Author Affiliations: Dr Glass (richard.glass@jama-archives.org) is Deputy Editor, JAMA. Dr Glass is also with the Department of Psychiatry and Behavioral Neuroscience, University of Chicago, Chicago, Illinois.
In 1990, then-President George H. W. Bush issued a proclamation designating the 1990s as the Decade of the Brain to encourage brain research and also to enhance public awareness of the benefits to be derived from brain research.1 This formal recognition of the importance of increasing both scientific knowledge and public understanding about the organ that is the site of emotion and cognition and the controller of most bodily functions was a fitting way to end the 20th century, and few would question that knowledge about brain structure and function has increased remarkably.
However, at the end of the first decade of the 21st century, mental disorders continue to be a major public health problem throughout the world, making a substantial independent contribution to the burden of disease worldwide.2 Mental disorders are a major cause of long-term disability and also interact with other health conditions as risk factors and sources of additional morbidity and mortality.3 Of course, mental disorders are also a direct cause of mortality, with approximately 800 000 individuals committing suicide every year worldwide3 —usually related to mood disorders, alcohol and other drug abuse, or schizophrenia and other psychoses. In the United States, the latest statistics available (2006) indicate more than 33 000 annual deaths from suicide, a rate of 11.1 suicide deaths per 100 000 population per year, and 594 000 annual emergency department visits for self-inflicted injuries.4
The overall burden from mental disorders is striking, with an estimated 14% of the global burden of disease attributed to mental disorders.5 A recent assessment of mental disorders and treatment in the United States, using multiple data sources (1996-2006), led to mixed conclusions.6 Particularly concerning were the findings that access to care appeared to decline among individuals with mental health impairments and that at least 7% of the population with serious and persistent mental illnesses was incarcerated in jail or prison each year.
In recognition of the public health importance of mental disorders, JAMA will publish a theme issue on mental health in May 2010. The use of the term mental health in this regard merits comment, since most of the content will undoubtedly be about mental disorders. This is analogous to the fact that mental health centers are usually centers of mental illness. The explanation, of course, is that mental disorders are the problem and mental health is the goal. The World Health Organization has made the point that “there is no health without mental health” since “health is a state of complete physical, mental and social well-being and not merely the absence of disease or infirmity,”7 obviously a lofty goal.
For the theme issue, we encourage submission of high-quality, evidence-based studies pertaining to all aspects of mental health and mental disorders. Articles of interest and relevance for JAMA's broad medical readership will be of particular interest, and studies reporting original data or systematic reviews, including meta-analyses, will generally receive higher priority.

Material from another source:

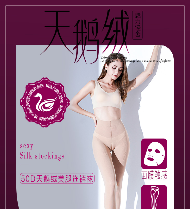 丝袜女50D微透天鹅绒面膜感柔软细腻弹力塑形美腿春夏性感连裤袜

In view of the plan to publish a fifth edition of the American Psychiatric Association's Diagnostic and Statistical Manual of Mental Disorders(DSM-V) in 2012, the first revision of the diagnostic criteria for mental disorders since 1994, data-based articles on psychiatric diagnosis will certainly be of interest.8 Another very timely issue is the current effort to achieve health care system reform in the United States.9 Submissions providing evidence about how access to care, quality of care, and cost efficiency can be optimized in the diagnosis and treatment of mental disorders will merit careful consideration. As always, multicenter randomized clinical trials addressing important issues with the potential to change and improve clinical practice will be of the greatest interest for JAMA readers and editors. Controlled trials assessing preventive interventions10 -Â 11 are of particular importance. We also plan to publish a small number of scholarly articles of opinion as Commentaries, meeting the strict JAMA criteria for concision.12
Manuscripts received by December 1, 2009, will have the best chance of consideration for the mental health theme issue. All submitted manuscripts will undergo JAMA's usual rigorous editorial evaluation and review. High-quality submissions not selected for the theme issue may be considered for other JAMA issues or may be referred for consideration by the appropriate Archives specialty journal. Authors should consult JAMA Instructions for Authors12 for guidelines on manuscript preparation and submission.

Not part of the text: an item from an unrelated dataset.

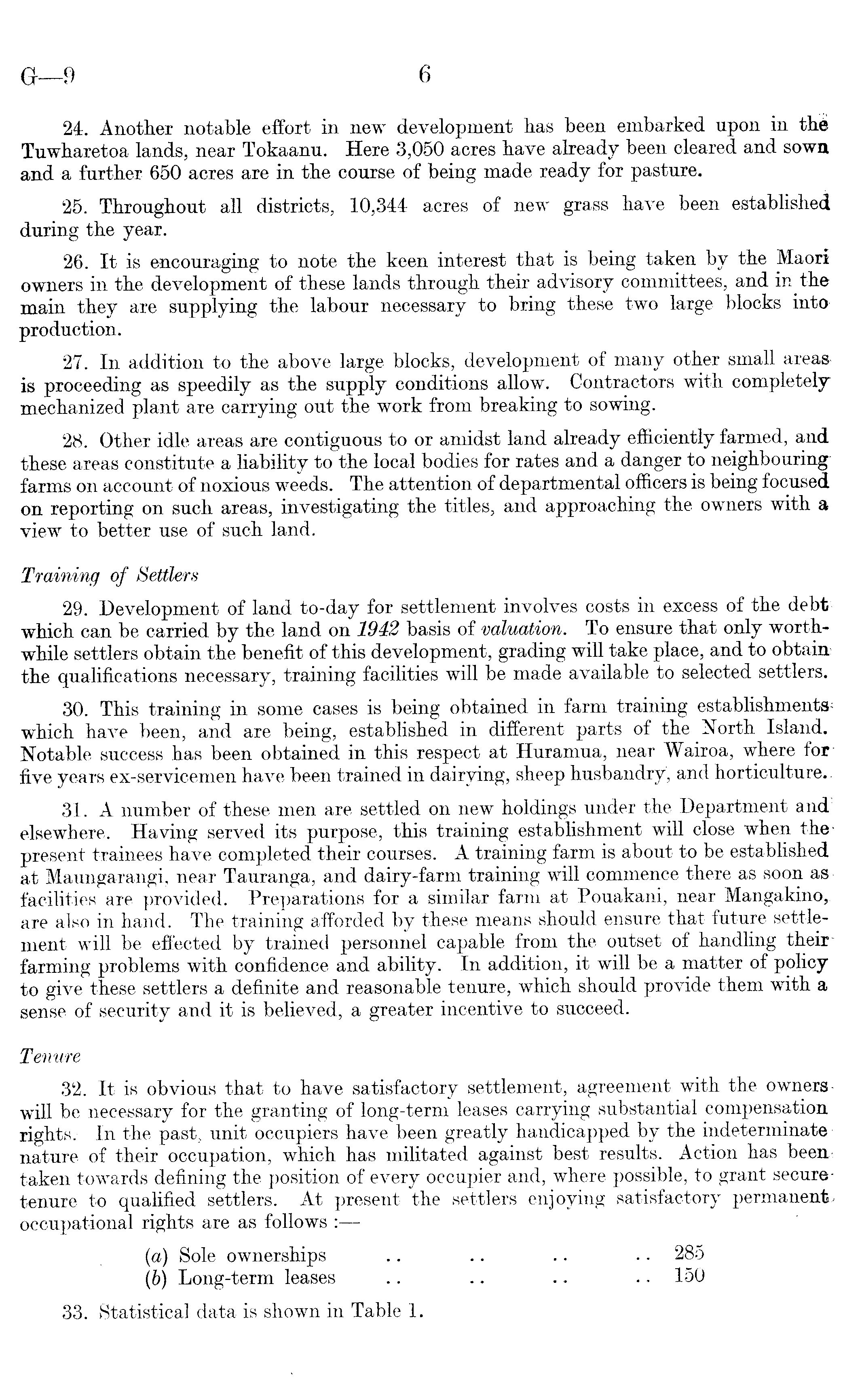 24. Another notable effort in new development has been embarked upon in thei Tuwharetoa lands, near Tokaanu. Here 3,050 acres have already been cleared and sown and a further 650 acres are in the course of being made ready for pasture. 25. Throughout all districts, 10,344 acres of new grass have been established during the year. 26. It is encouraging to note the keen interest that is being taken by the Maori owners in the development of these lands through their advisory committees, and in the main they are supplying the labour necessary to bring these two large blocks into production. 27. In addition to the above large blocks, development of many other small areas is proceeding as speedily as the supply conditions allow. Contractors with completely mechanized plant are carrying out the work from breaking to sowing. 28. Other idle areas are contiguous to or amidst land already efficiently farmed, and these areas constitute a liability to the local bodies for rates and a danger to neighbouring farms on account of noxious weeds. The attention of departmental officers is being focused on reporting on such areas, investigating the titles, and approaching the owners with a view to better use of such land. Training of Settlers 29. Development of land to-day for settlement involves costs in excess of the debt which can be carried by the land on 1942 basis of valuation. To ensure that only worthwhile settlers obtain the benefit of this development, grading will take place, and to obtain.! the qualifications necessary, training facilities will be made available to selected settlers. 30. This training in some cases is being obtained in farm training establishmentswhich have been, and are being, established in different parts of the North Island. Notable success has been obtained in this respect at Huramua, near Wairoa, where forfive years ex-servicemen have been trained in dairying, sheep husbandry, and horticulture.. 31. A number of these men are settled on new holdings under the Department and elsewhere. Having served its purpose, this training establishment will close when thepresent trainees have completed their courses. A training farm is about to be established at Maungarangi, near Tauranga, and dairy-farm training will commence there as soon as facilities are provided. Preparations for a similar farm at Pouakani, near Mangakino,. are also in hand. The training afforded by these means should ensure that future settlement will be effected by trained personnel capable from the outset of handling theirfarming problems with confidence and ability. In addition, it will be a matter of policy to give these settlers a definite and reasonable tenure, which should provide them with a sense of security and it is believed, a greater incentive to succeed. Tenure 32. It is obvious that to have satisfactory settlement, agreement with the ownerswill be necessary for the granting of long-term leases carrying substantial compensation rights. In the past, unit occupiers have been greatly handicapped by the indeterminate nature of their occupation, which has militated against best results. Action has been: taken towards defining the position of every occupier and, where possible, to grant securetenure to qualified settlers. At present the settlers enjoying satisfactory permanent, occupational rights are as follows : (a) Sole ownerships .. .. .. .. 285 (b) Long-term leases .. .. .. .. 150 33. Statistical data is shown in Table 1.

Although the statistics noted herein regarding mental disorders provide an overview of the magnitude and importance of the problem, mental illness and mental health are experienced by individuals, families, and communities. As a psychiatrist, I have seen the pain, frustration, and despair caused by mental disorders. I have also been privileged to share in the relief and possibilities attained when mental illness is overcome. The goal for the JAMA theme issue on mental health is that it will be of assistance to clinicians and policy makers in helping patients, families, and communities move in that positive direction.
Financial Disclosures: None reported.
Editorials represent the opinions of the authors and JAMA and not those of the American Medical Association.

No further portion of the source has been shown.